= Parachute mitral valve =

Congenital heart disease

Parachute Mitral Valve with associated Mitral Stenosis

Parachute mitral valve (or PMV) is a rare congenital heart disease where the mitral valve only has a single papillary muscle from which all chordae tendineae originate. It is caused by an embryologic failure of papillary muscles to divide into two normally distinct columns, giving the mitral valve orifice and chordea an irregular, parachute-like appearance. Due to the abnormal anatomy, there are almost always associated mitral valve disorders, and because of its abnormal embryologic origin, PMV almost always coincides in a complex of other congenital heart defects. PMV is usually identified during infancy or childhood due to its symptomatic nature, and hardly ever diagnosed during adulthood.

== Clinical significance ==

=== Associated mitral valve disease ===
As a result of the thickened and shortened chordae, there is a restriction of the inflow of blood to mitral valve annulus and subannulus causing a narrowing known as mitral stenosis which increases the pressure gradient through the valve. Also, abnormal closure of the mitral valve leaflets or mitral valve prolapse will cause the valve significantly leak during closure known as mitral valve insufficiency.

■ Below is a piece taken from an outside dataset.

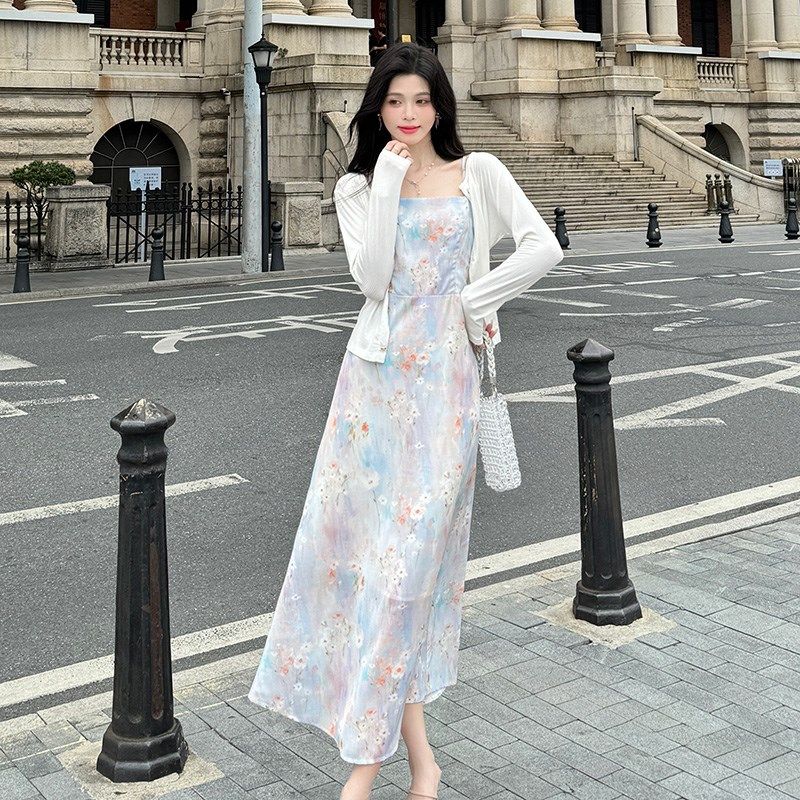 茶歇裙法式碎花吊带裙女2024春夏季清纯甜美雪纺连衣裙打底长裙子

Parachute mitral valve is commonly associated with other congenital heart disease. A 2004 study finds that children with PMV are 68% likely to have aortic coarctation, 54% likely to have an atrial septal defect, 46% likely to have a ventricular septal defect, and 19% likely to have left ventricular hypoplasia. Parachute mitral valve is also a part of the congenital complex of Shone's Syndrome.

Unfortunately, the overall outcome of the children diagnosed with parachute mitral valve especially with the other likely multilevel left-heart diseases is only somewhat satisfactory. However, with increasingly improved technology for mitral valve reconstructions, repairs and replacements procedures, outcomes are expected to improve in the future.